やっぱり、手を繋いでいると人が多くても安心するな。
それにお父さんは、人にぶつからないように誘導するのがうまい。
「あっ、店が無くなっている」
お父さんを見ると、残念そうな表情をしていた。
視線の先には、「野菜の煮込み店 ガウ」という看板。
どうやら、探していた店では無いみたいだ。
「残念だね」
食べたかったな。
「そうだな。サラダは無かったけど、あの店は覗いてみるか?」
野菜の煮込みか。
肉は十分あるから、野菜が欲しいよね。
サラダもいいけど、煮込みも大好き。
「見に行こう」
ガウの屋台に近付くと、ふんわり優しい香りがした。
「いい香りだな。買っていこうか」
「うん。
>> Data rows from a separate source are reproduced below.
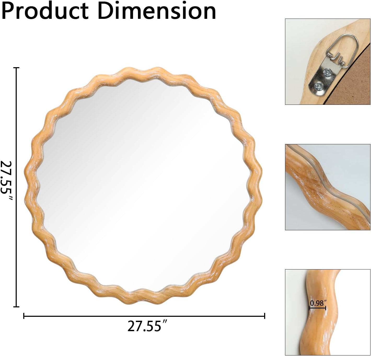 Wavy Mirror 27.5x27.5 Inch, Decorative Bathroom Mirror with Natural Wood Frame, Entry Way Mirrors for Wall, Shatterproof Glass, Mirrors for Wall Decor
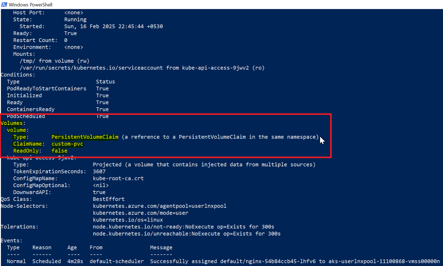 You can see that the volume is listed and and uses the claim name “custom-pv.”
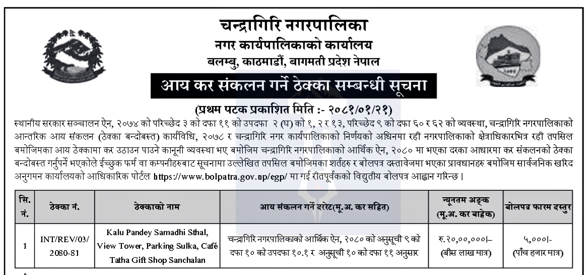 स्थानीय सरकार सञ्चालन ऐन २०७४ को परिच्छेद ३ को दफा १९ को उपदफा २ घ को १, २, र १३, परिच्छेद ९ को दफा ६० र ६२ को व्यवस्था , चन्द्रागिरि नगरपालिकाको आन्तरिक आय संकलन (ठेक्का बन्दोबस्त) कार्यविधि, २०७८ र चन्द्रागिरि नगरपालिका कार्यपालिकाको निर्णयको अधिनमा रही नगरपालिकाको क्षेत्राधिकारभित्र रही सो ठेक्का आह्वान गरिएको चन्द्रागिरि नगरपालिकाले जनाएको छ ।
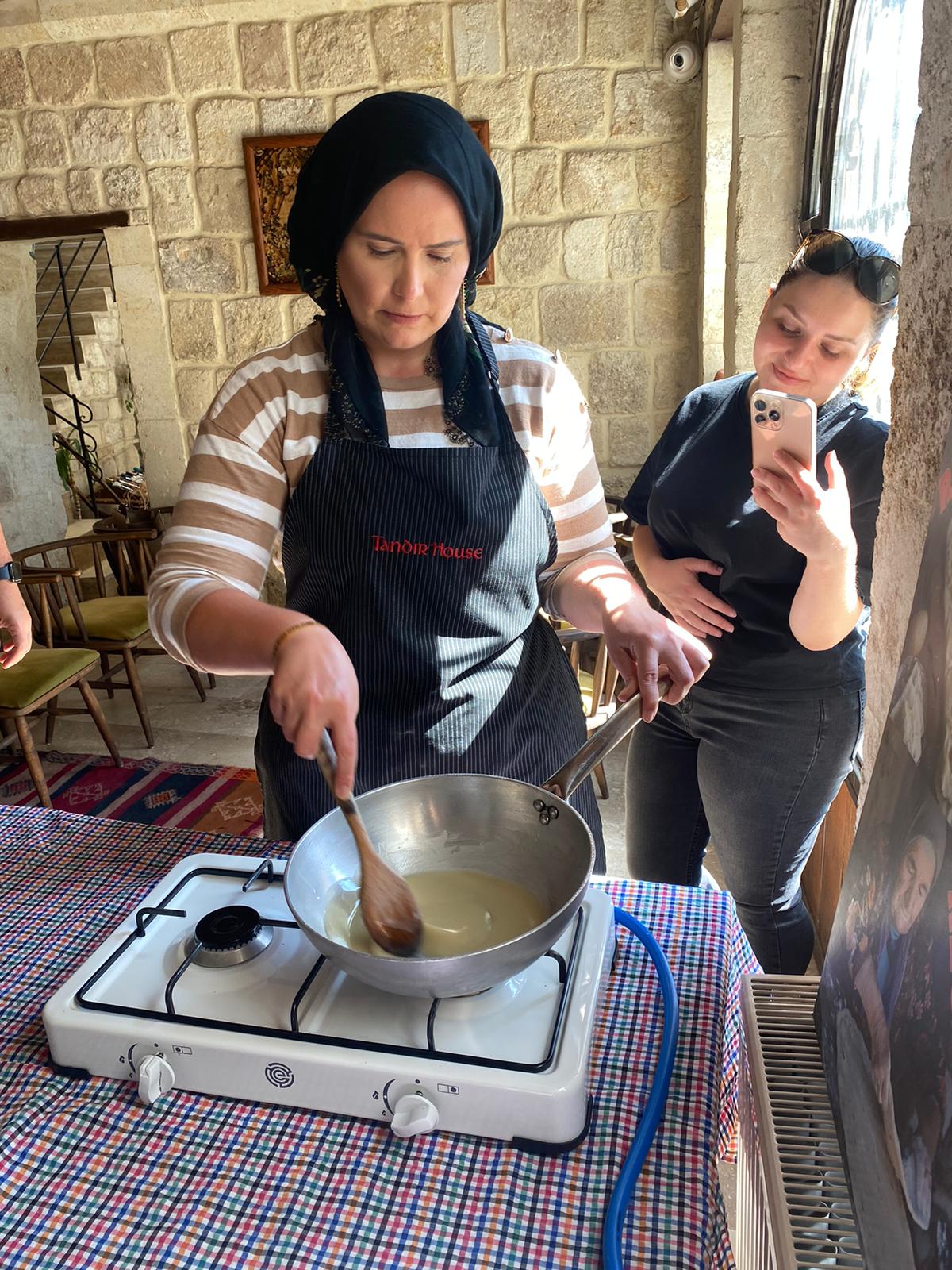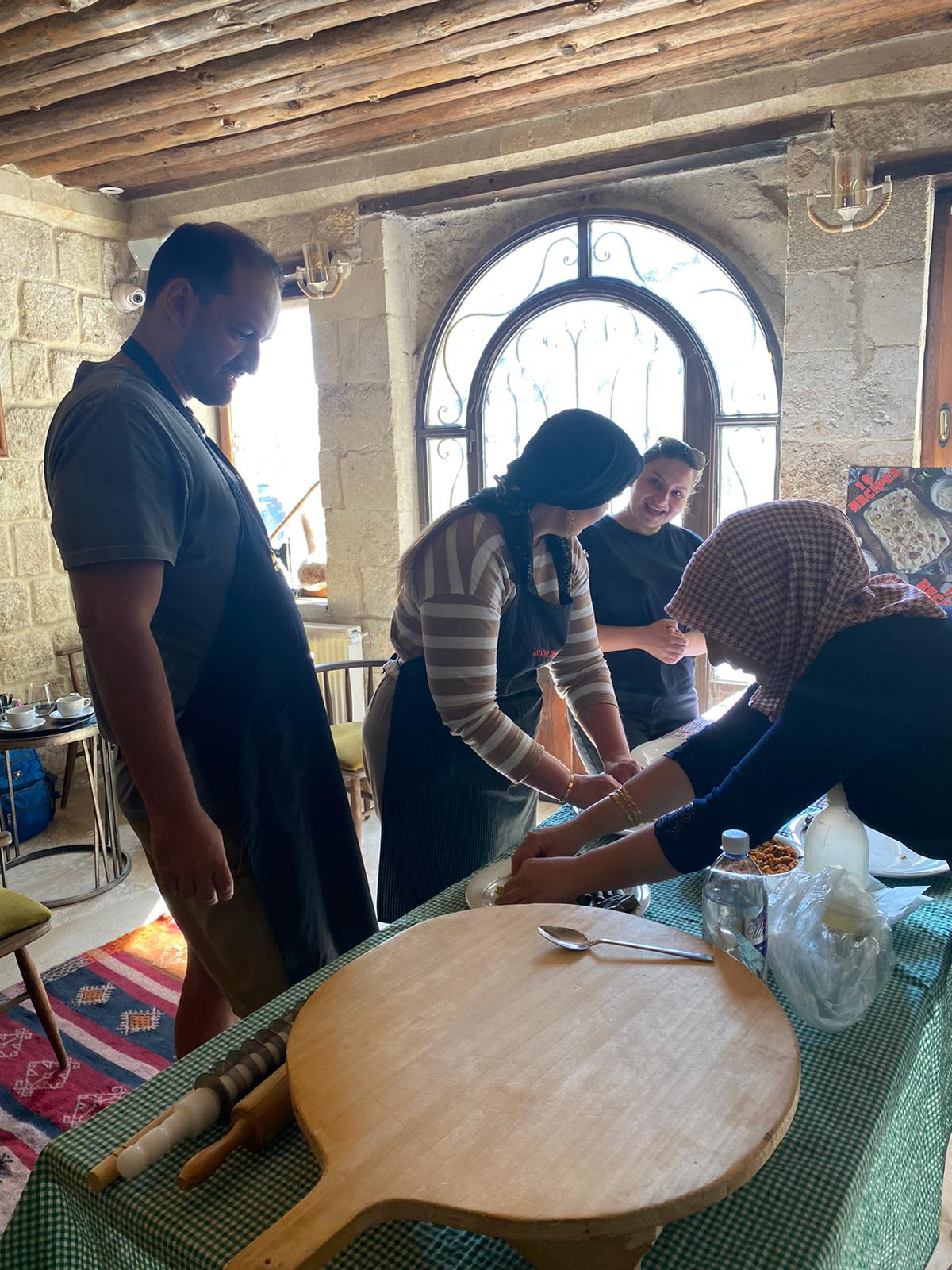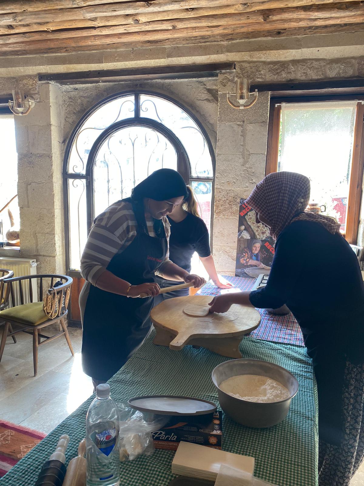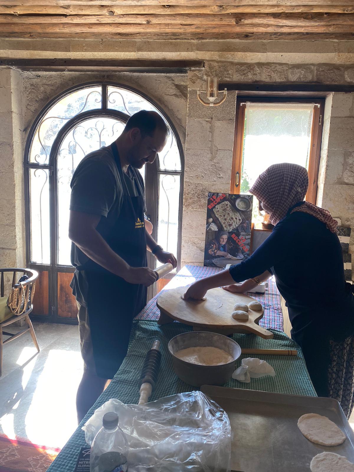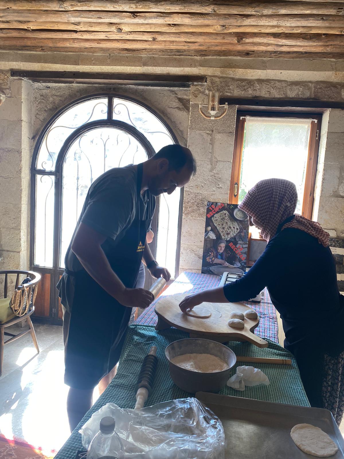 Sabah saat 10 civarında restoranımıza gelmiş oluyorlar; genellikle iş başlangıç saatimiz 10. İlk olarak, bazlama ekmeği ve mantı için hamur yoğruluyor. Ardından yaprak sarması hazırlanmaya başlanıyor. Hamur dinlendikten sonra bazlama ekmeği yapılıyor ve ardından mantı sıkma işlemi gerçekleştiriliyor. İçli köfte için harç hazırlanıyor ve içli köfte yapımına geçiliyor. Eğer testi kebabı istenirse, testi hazırlığı yapılıp pişiriliyor. Bu işlem isteğe bağlı olarak yapılır ve ek ücretlendirme uygulanır. Ayrıca, hazırlık süresi yaklaşık 1 saat daha uzar. Son olarak, tatlı olarak Aside hazırlanıyor.
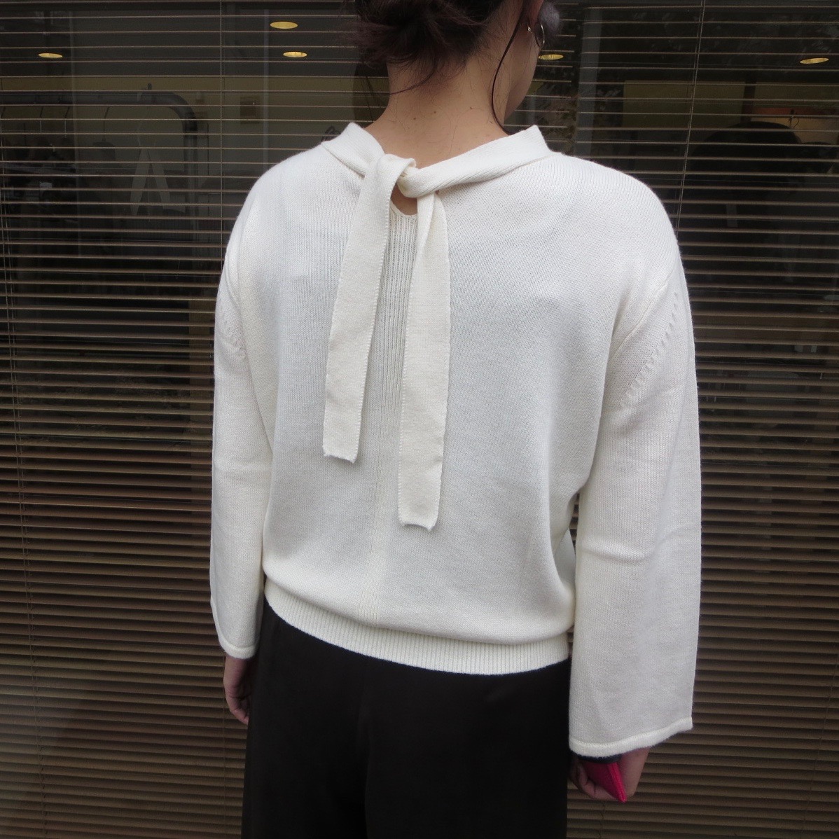 このニット一番のポイントは、後ろのリボン。今回のように軽く結ぶだけでもいいですし、可愛いのがお好きな方は、リボン結びしていただいても。
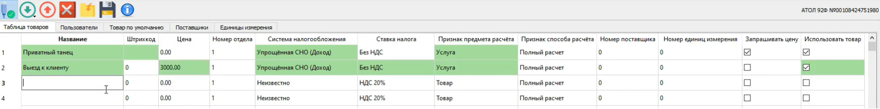 - Все поля, в которые вы внесли изменения, будут у вас в таблице подсвечены зеленым - это означает, что поля не сохранены в кассовый аппарат. Чтобы записать все изменения в кассу нажмите на значок красной стрелочки вверх.
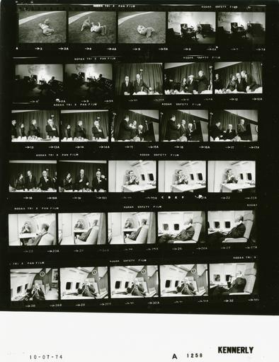 | Keywords: Ford A1258 NLGRF photo contact sheet (1974-10-07)(Gerald Ford Library).jpg White House Photographic Office WHPO is housed at the Gerald R Ford Presidential Library a branch of the National Archives and Records Administration NARA <br/><br/> This file is a 200 dpi photo contact sheet having images from roll of film A1258 of the August 9 1974 - January 20 1977 Gerald R Ford White House Photographic Office Series A0001-A9999 and B0001-B2886 photographs <br/><br/> The date on the photo contact sheet is the date the roll of film was processed not necessarily the date the photographs were taken See table below for additional details 1974-10-07 Gerald R Ford Presidential Library Image http //www fordlibrarymuseum gov/library/whphotos/A1258_NLGRF jpg A1258_NLGRF jpg from http //www fordlibrarymuseum gov/library/whphotos/19741007whpo pdf White House Photographs October 7 1974 of the http //www fordlibrarymuseum gov/Library/whphotos/whpo asp White House Photographic Collection page White House Photographic Office WHPO <br/> Creator David Hume Kennerly PD-USGov Institution Institution Gerald R Ford Presidential Library Table wikitable sortable + Photo contact sheet A1258 U S President Ford Administration Gerald R Ford Library Frame s Tone Subject proper Subject generic Names Geographic Location Photographer Date - 10 BW Arrival for Dinner Honoring United States Senator George Aiken of Vermont - Burlington Vermont standing posing on platform; GRF's eyes closed GRF Sen Aiken Burlington VT University of Vermont - Patrick Gymnasium Kennerly 1974-10-07 - 11-19 BW Dinner Honoring United States Senator George Aiken of Vermont - Burlington Vermont standing guests applauding GRF Sen Aiken Platform Guests Burlington VT University of Vermont -Patrick Gymnasium Kennerly 1974-10-07 - 20-22 BW Return Flight from Dinner Honoring United States Sen George Aiken of Vermont seated talking Rumsfeld Air Force One - President's Cabin Kennerly 1974-10-07 - 23-25 BW Return Flight from Dinner Honoring United States Sen George Aiken of Vermont seated talking; GRF back to camera smoking pipe in 23 GRF Rumsfeld Air Force One - President's Cabin Kennerly 1974-10-07 - 26-32 BW Return Flight from Dinner Honoring United States Sen George Aiken of Vermont seated; smoking pipe talking on telephone; various angles and distances GRF Air Force One - President's Cabin Kennerly 1974-10-07 - 3-5 BW Pet Golden Retriever Susan lying on grass playing with dog Susan Ford Liberty South Lawn Kennerly 1974-10-07 - 6-9 BW Prior to Dinner Honoring United States Senator George Aiken of Vermont - Burlington Vermont seated talking; various angles and distances GRF Rumsfeld Burlington VT Ramada Inn President's Suite Kennerly 1974-10-07 Gerald R Ford Presidential Library and Museum-cooperation PD-USGov Contact sheets by the Ford White House October 1974 Photographs by David Hume Kennerly from 1974 |

そうしよう」
お昼は過ぎているが、屋台には10人ほど並んでいる。
最後尾に並ぶと、他の屋台へと目を向ける。
「活気があるね」
どの店からも元気な声が聞こえてくる。
元気があり過ぎて、声だけ聞いていると喧嘩しているみたいだけど。
周りの様子を見る限り、いつもの事のようだ。
「いらっしゃい!」
順番が来たので、メニュー表を見る。
あれ?
果物サラダがある。
「お父さん、あれ」
メニュー表を指すと、お父さんも気付いたようで頷く。
「果物サラダがあるんですね。以前この店で売っていた物と同じですか?」
お父さんの言葉に、店主さんが困ったように笑う。
「それは、私の母が考えたメニューなんです。母が引退したあと、私が味を引き継ぎました。前の果物サラダと同じ味かと聞かれるとちょっと不安ですが、味付けは同じです」
同じ調味料で同じ作り方をしても、人によって味が違ったりするんだよね。
あれは、不思議。
「それなら、果物サラダと今日の野菜の煮込みを下さい。それぞれ4人前」
女性の店主が、すぐに4つのカゴを奥から持って来ると、カウンターに置く。
野菜の煮込みもすぐに準備してくれた。
お父さんが会計をしている隣で、サラダの入ったカゴを見る。
赤や橙、緑の果物が混ざっていて、綺麗なサラダだな。
「綺麗で美味そうだろ?」
「うん」
食べるのが楽しみだな。
店を出ると宿に向かって歩き出す。
「こっちから行こう」
大通りを左に曲がる道を指すお父さんに頷く。
まだ道が良く分からないので、任せる方が良いよね。
「この通りは、冒険者達の道具や服の店が多いみたいだね」
「あぁ、そうなんだよ。というか、前に来た時より冒険者の店が増えているみたいだな」
防具屋に冒険者の靴やバッグ。
武器屋もあった!
「あっ、マジックアイテム屋まであるね」
ゆっくり見られないのが、残念だな。
「疲れが取れたら、ゆっくり見て回るか」
それは嬉しい。
冒険者の道具って、見ているだけでワクワクするもんね。